Help your child or teen to develop their problem solving skills. Problem solve with, not for, your child. Resist the impulse to jump in and fix everything. Remember that anything your child can do for themselves, they must do for themselves. When we do for our child we are communicating that we believe they are not competent. We are telling our children that we don’t believe them to be capable and we are reinforcing their sense of fear and self doubt. Instead allow your child to make a mistake and find the right answer on their own. Model effective problem solving in the way you respond to difficult situations.
Limit the amount of news and social media that you allow to bombard your home and your child’s world. Children and teens may misinterpret what they hear and can be frightened about something they do not understand. If your child is on social media with friends it’s especially important right now to be monitoring things like texts, video chats, video game play, etc. Be sure that your child is communicating with peers and others in a safe and appropriate way. Many young people experience a great deal of stress and anxiety related to online media conversations with peers. Also be aware of who your child is communicating with and make sure that they are all individuals known to you and your child.
When watching movies or TV shows try to watch things that are uplifting or funny. If you enjoy drama, adventure, horror etc., try to avoid movies or TV shows that depict pandemics or end of the world scenarios. Nothing good will come of that.
Sometimes crying and pushing our limits emotionally can be cathartic. If you need that experience watch a more typical tear jerker, preferably with a happy ending.
Establish media-free times for everyone. For example no screens during meals, after a certain time in the evening and most importantly at night in bedrooms.
Help your child to create self supports. These are tool kits that they can go to when they need to self calm. Again do this with, not for, your child. Help your child to create a calming box or list. Brainstorm together and come up with things that are soothing, distracting, comforting in some way and list them or load them into a box or basket where they’ll be immediately available when needed. Why not make one for yourself as well?

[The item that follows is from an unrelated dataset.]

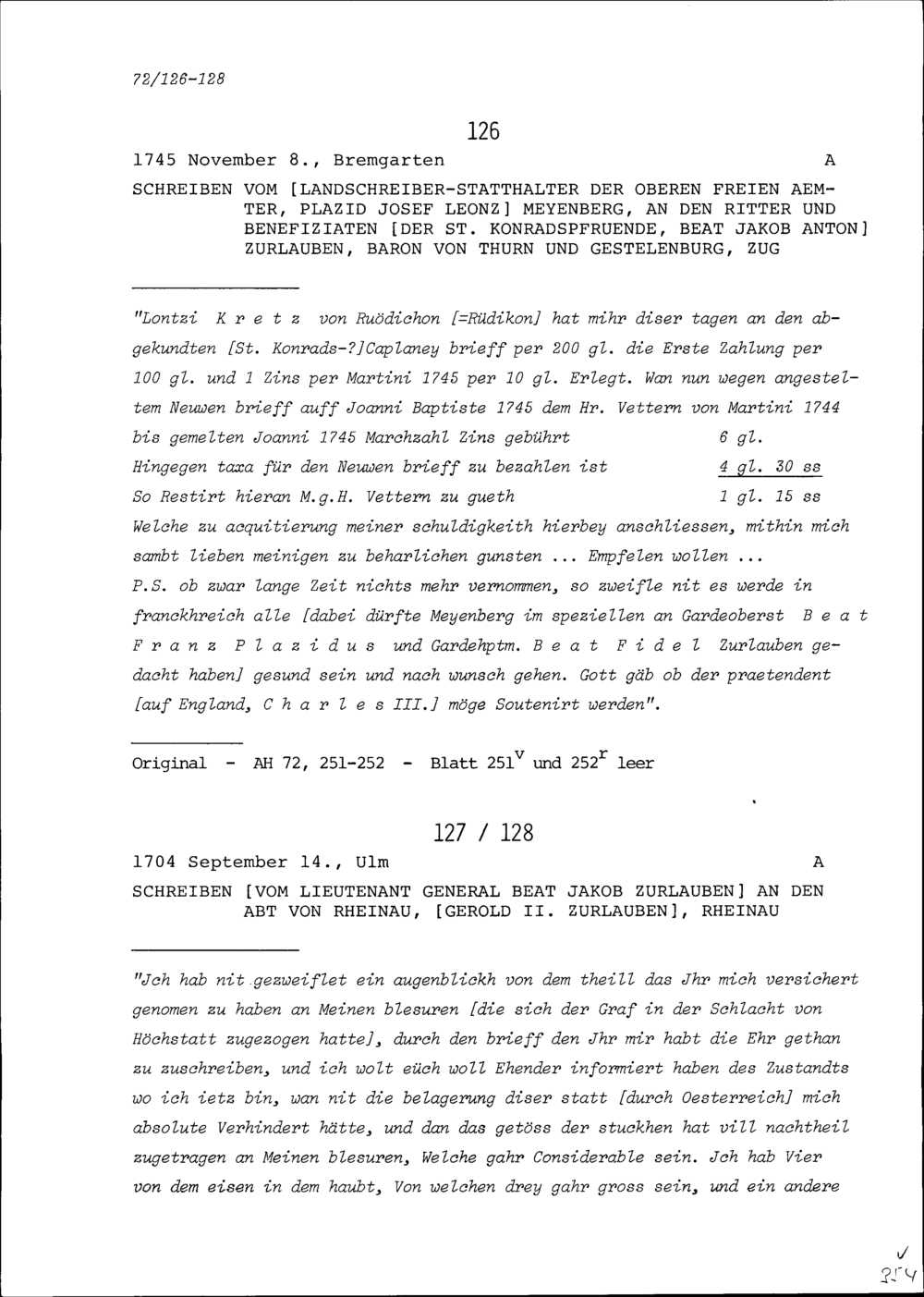 Schreiben von Plazid Josef Leonz Meyenberg, Landschreiberstatthalter der Oberen Freien Ämter, an Beat Jakob Anton Zurlauben, Priester und Benefiziat der Sankt Konradspfrund, Zug

Likewise, help your child to create a “calming” or “feel good” play list. Have your child choose 4-5 songs that immediately calm them or make them feel good. Create one for yourself as well. Music is magical in that way. Think of those songs that immediately calm you or bring about feelings of joy. Your choices will likely be quite different from your child’s, which is as it should be.
We continue to hear the term “social distancing” all over the news. I prefer the term “physical distancing” which refers specifically to the amount of physical distance we have to keep between ourselves and others. We can socially connect without physically connecting. Regular virtual social connection helps us combat loneliness and the sense of sadness related to social isolation. Establish ways for you and your child to continue to communicate with friends and family. Be social virtually. Talk to friends via phone and text. Connect via Skype, FaceTime, Zoom, etc., as seeing those we love and care about helps us to feel connected. Schedule times to celebrate special occasions, play games or watch a movie or TV show with friends or family on-line.
Do something fun with your child every day. Play, laugh, dance, sing, stretch, run, jump, have conversations, organize old photos while you reminisce. Indoors or out, find new ways to experience joy or bring back some old ways. Stay busy with meaningful activities. Board games, puzzles, crafts, home repairs, and gardening are all ways to keep close and stay connected.